Material and Methods
Sample
UKB is a cross sectional cohort of about 500,000 participants, born between 1939 and 1970, that were recruited 2006—2010. Detailed information was collected on lifestyle and anthropometric traits, and on female specific factors, that are likely to effect hormone levels, including use of birth control pills, hormone replacement treatments, pregnancies and menopause. Participants also provided blood samples that were used to genotype approximately 800,000 single nucleotide polymorphisms (SNPs) across the genome and to measure levels of estradiol. The application to use data from UKB has been approved (under project number 41143). UKB has an ethics permit from the National Research Ethics Committee (REC reference 11 / NW / 0382). Phenotype data for this project was extracted from the UKB database April 2019. All analyses performed in this study are based on the samples and information collected at the participants initial visit to the assessment center. Ethical approval for the analyses performed in this study has also been approved by the Swedish Ethical Review Authority (Dnr: 2020-04415)
Genotype data
A total of 438,417 participants had been genotyped using the UKB Axiom array, and another 49,994 participants had been genotyped using the similar (95% common marker content) UK BiLEVE array. SNPs had been imputed using UK10K and 1000 genomes phase 3, as reference panels19,20. For this project we used imputed data from the third release which contained a total of 93,093,070 SNPs. We only analyzed SNPs with minor allele frequency (MAF) > 0.01, and removed SNPs deviating from Hardy-Weinberg (P-value < 1×10−20) and markers with more than 5% missing genotype data, and with imputation quality < 0.3. After quality control (QC), a total of 7,651,231 autosomal SNPs, and 220,486 SNPs on the X-chromosome remained. We included Caucasian participants clustering with regards to their genetic principal components. We also excluded first- and second-degree relatives (genetic relationship > 0.044), using kinship data. Samples with sex discordance, high heterozygosity/missingness, and with more than 5% missing genotypes were also excluded. After QC and exclusion, 361,975 unrelated Caucasian participants remained (167,168 males and 194,807 females).
Estradiol measurements
Estradiol had been measured by two step competitive analysis on a Beckman Coulter Unicel Dxl 800. We only included measurements from the blood samples that were collected during the participants initial visit to the assessment center. Among all participants, only 76,668 had estradiol measurements above detection limit (175 pmol/L). As the majority of the participants had measurements below detection limit, estradiol levels were analyzed as a binary phenotype (above/below detection limit).

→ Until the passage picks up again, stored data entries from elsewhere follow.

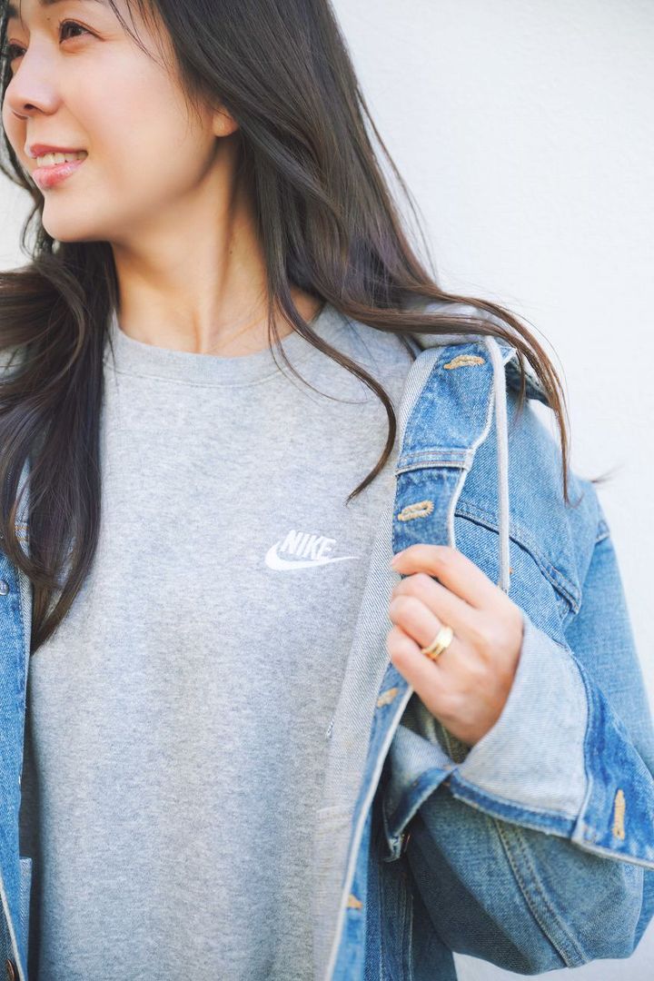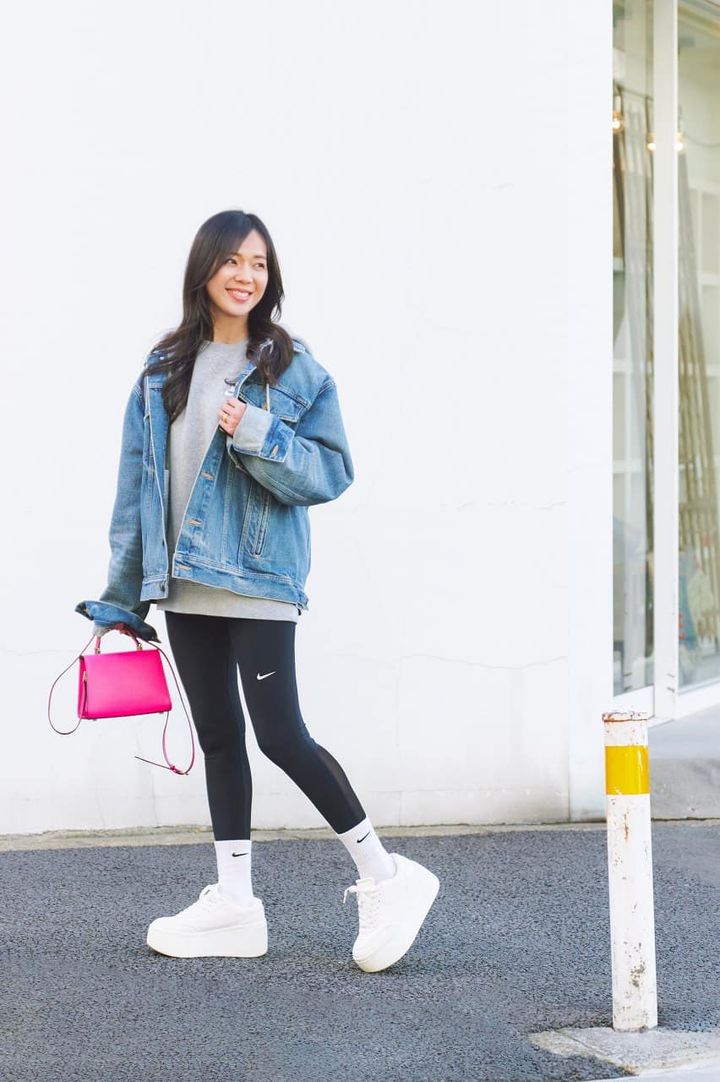 レギンスコーデは脚のラインが出るので、ZARAの厚底スニーカーで脚長効果を狙って。 デニムジャケットはオーバーサイズで、お尻まで隠れるところが安心です。ジム帰りでも友人とカフェに寄れるよう、差し色のピンクのミニバッグできれいめカジュアルに仕上げます。
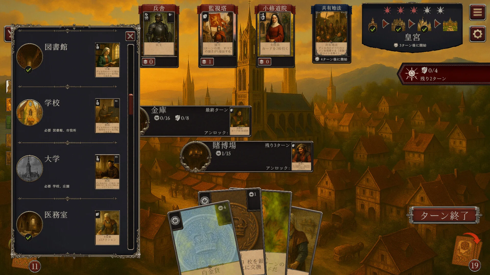 本作では建築物がそのままデッキの強化に直結する仕組みが採用されており、都市の発展とデッキの成長が密接に連動しています。酒場や税関といった施設を建設することで、それぞれに対応した戦略カードが手に入り、プレイヤーの戦術の幅を大きく広げていきます。
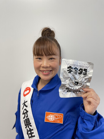 さらには、「テレビで大分空港がアジア初のスペースポートに認定というニュースを見て、宇宙食認定も狙えるような携行食品『宇宙タコ』を作りたい!と思いついてから、国東物産さんと研究を重ね約3年間で本日を迎えることができました。」と喜びを伝え、「当面は大分空港のショップにて販売をし、先々はアウトドアショップ、防災ショップ、自衛隊や官公庁に販路を拡大し、いずれはJAXAの宇宙日本食認定を目指したい」と、今後のビジョンを語りました。

GWAS and sensitivity analyses
GWAS was performed in males and females separately, using logistic regression with an additive genetic model implemented in PLINK version 2. The following covariates were included in both male and female analyses: age, body mass index (BMI), the first ten genetic principal components (to adjust for population structures and ethnic origins), and a binary indicator variable for UKB Axiom versus UK BiLEVE genotyping array, to adjust for any array differences. For females, hormone-replacement therapy (HRT) (current, ever or never), oral contraceptive use (current, ever or never), number of live births, menopausal status and whether they have undergone hysterectomy, were also included. Women who were unsure about menopausal status were excluded. For this study, we applied a P-value threshold of 5×10−8, which is commonly used in GWAS when using a MAF cutoff of 1%21, and corresponds to a correction of 1 million independent tests (SNPs). Manhattan plots were generated using the R package hudson. We applied the clump-function in PLINK 1.90 to define start and end positions for each locus with the main parameters that determines the clumping being set to: R2=0.1, p1=5×10−8 and p2=1×10−4. We subsequently performed conditional analyses for each locus, conditioning on the SNP with the lowest P-value from each locus. If there was any significant conditional SNP, this was repeated by also conditioning on the conditional SNP from the previous analyses, until no additional significant associations remained.
Several sensitivity analyses were performed for the GWAS. First, we stratified females into being pre- and postmenopausal. Secondly, we excluded all participants with a cancer diagnosis prior to assessment (when blood samples were taken). Finally, we also analyzed males and females with testosterone and sex hormone-binding globulin (SHBG) levels included as covariates, in addition to the other covariates and with age at menopause as a covariate in the female postmenopausal stratum.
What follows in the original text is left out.